It's getting harder and harder to take John McCain seriously. In April, he said,
To promise a withdrawal of our forces from Iraq, regardless of the calamitous consequences to the Iraqi people, our most vital interests, and the future of the Middle East, is the height of irresponsibility. It is a failure of leadership.
On Thursday, he said in a speech that if he were elected,
By January 2013, America has welcomed home most of the servicemen and women who have sacrificed terribly so that America might be secure in her freedom. The Iraq War has been won. Iraq is a functioning democracy.
That sure sounds like a promise to withdraw troops. Now, of course, McCain is asserting that his troop withdrawal will be the result of victory in Iraq. But how the hell can he make such a vow? In his speech--which lists all the wonderful things that will be achieved by 2013 if he becomes president--he doesn't say what he will do to attain this victory. Right now, it looks as if he's going to stick to the current policy. At least Richard Nixon, campaigning in 1968, indicated he had a secret plan to end the Vietnam War. And don't write in: I know Nixon never used the phrase "secret plan." A reporter devised the term, and Nixon never disabused the public of the notion. He, of course, had no such plan. And it's unclear whether McCain has a clue about what to do differently in Iraq in order to net different results than those already produced.

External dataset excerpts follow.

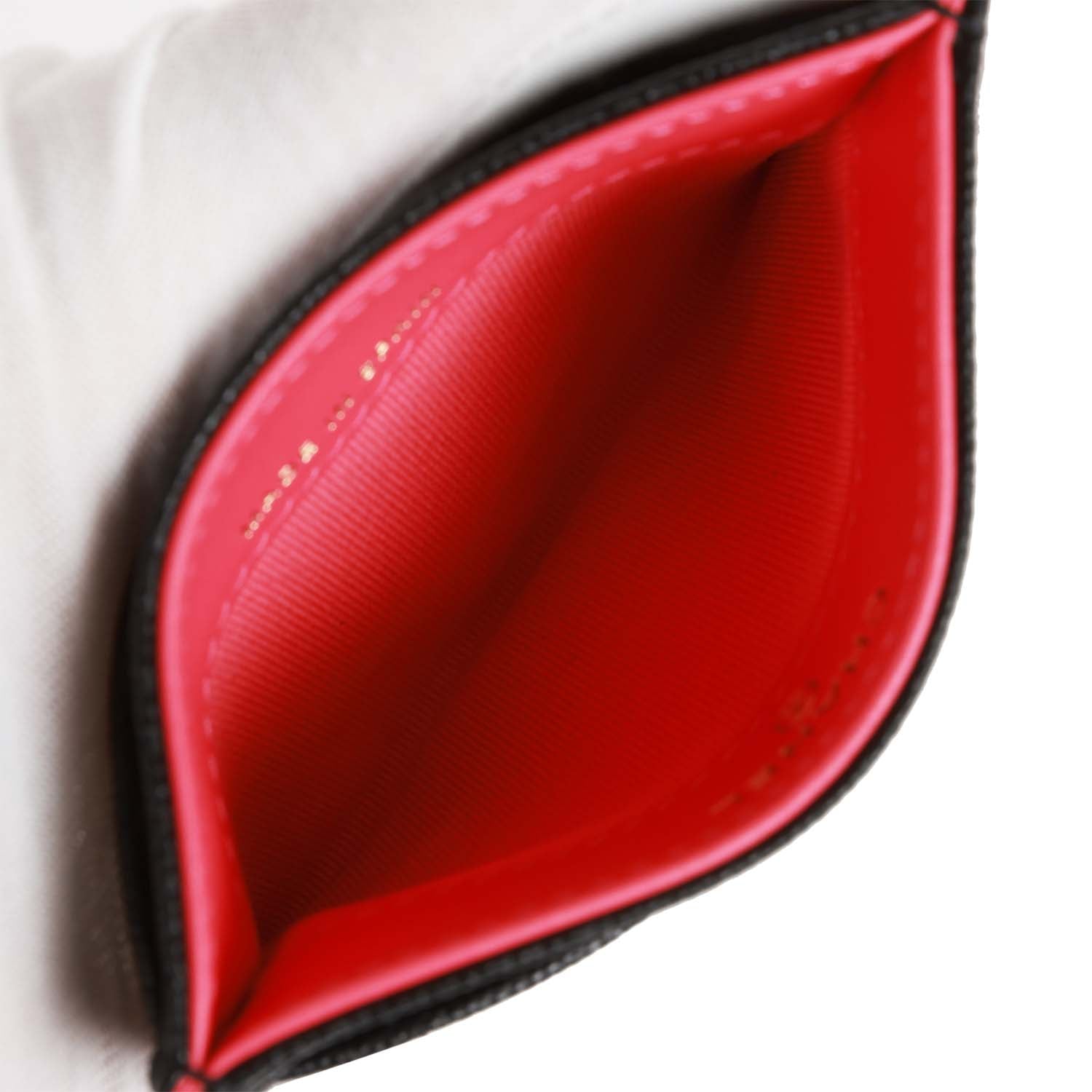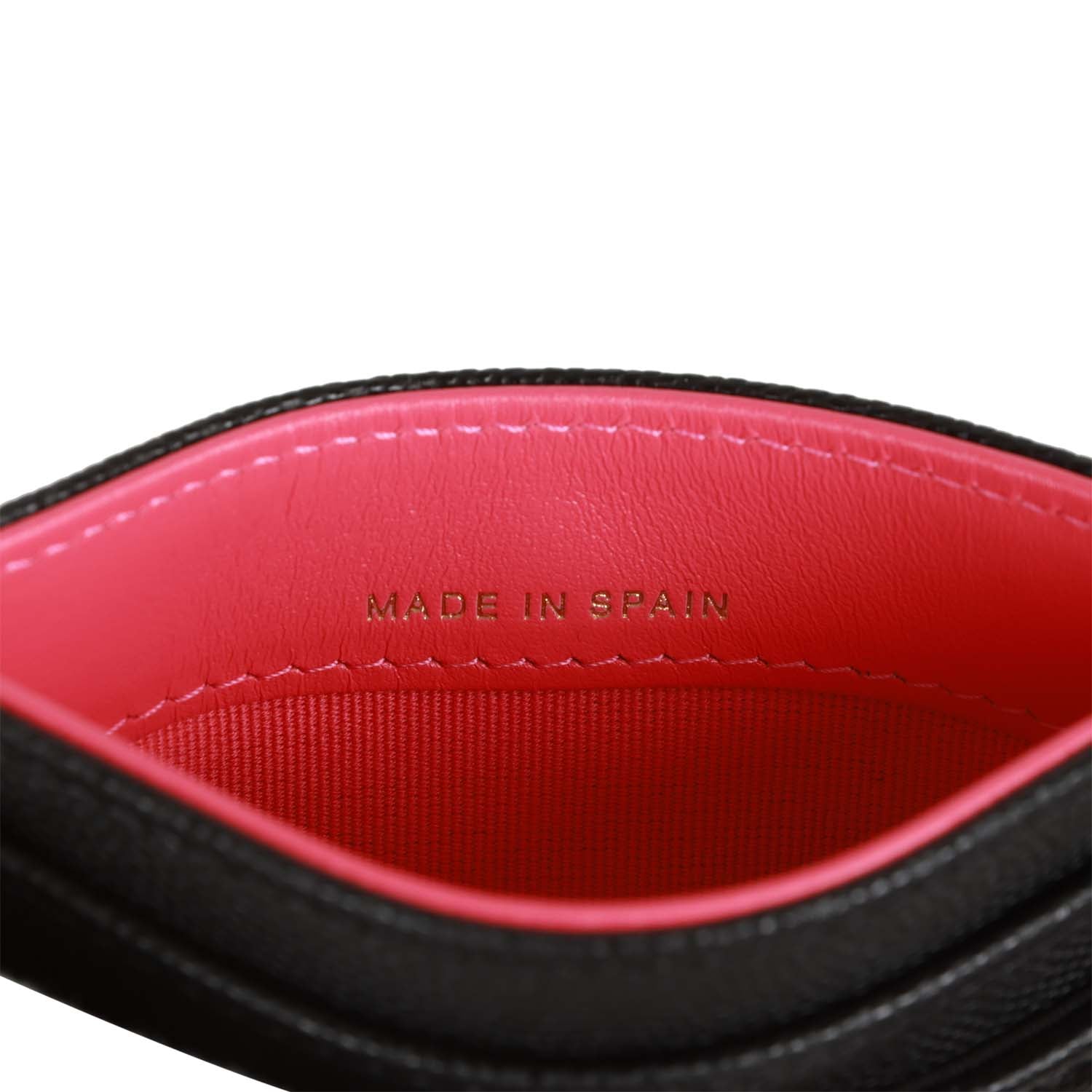 The interior is lined in pink leather. It has a 4 card holders one in front, middle, and 2 on the back.
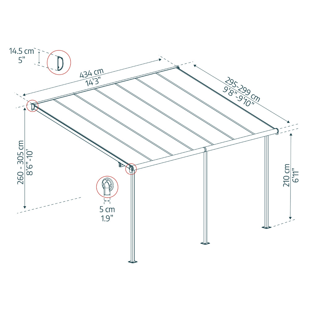 פרגולת אלומיניום 3×4.3 מ' אפורה מבית פלרם – Canopia דגם 705329 Sierra
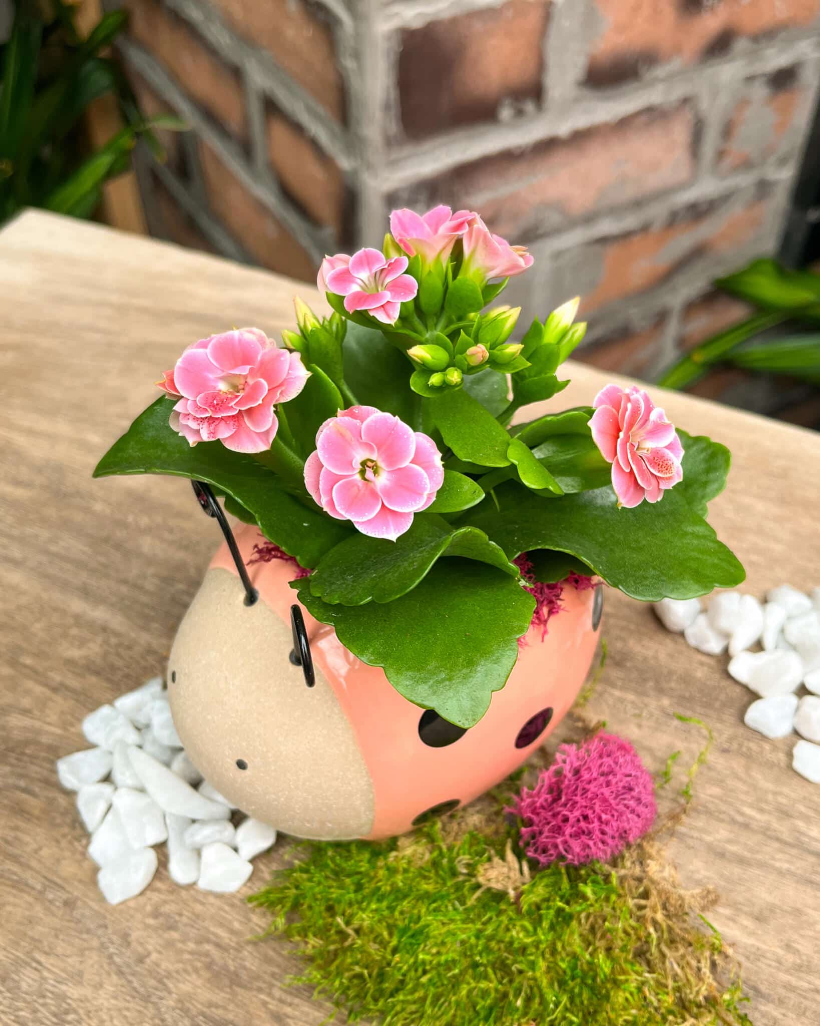 Nestled with a blooming pink kalanchoe and soft pink moss, it’s a perfectly coordinated pop of happiness for any space.

Meanwhile, at least one House Republican, looking to prevent a GOP electoral calamity in the fall, has said that the Republicans can't cling to Bush's Iraq war policy without being decimated in the coming congressional elections. After defeating a Republican primary opponent who had challenged his antiwar stance, Representative Walter Jones of North Carolina said it was time for his party to dump Bush on the war: "If this party does not look at options and figure out how to pursue those options, we're in real trouble."
McCain and his party are in a political quagmire. Forward-march rhetoric and hollow promises may not be enough to save them. As I've repeatedly said, the war will be back--as a political issue. And all indicators--including the GOP's three recent losses in congressional special elections held in Republican strongholds--now suggest that won't be to the Republicans' advantage.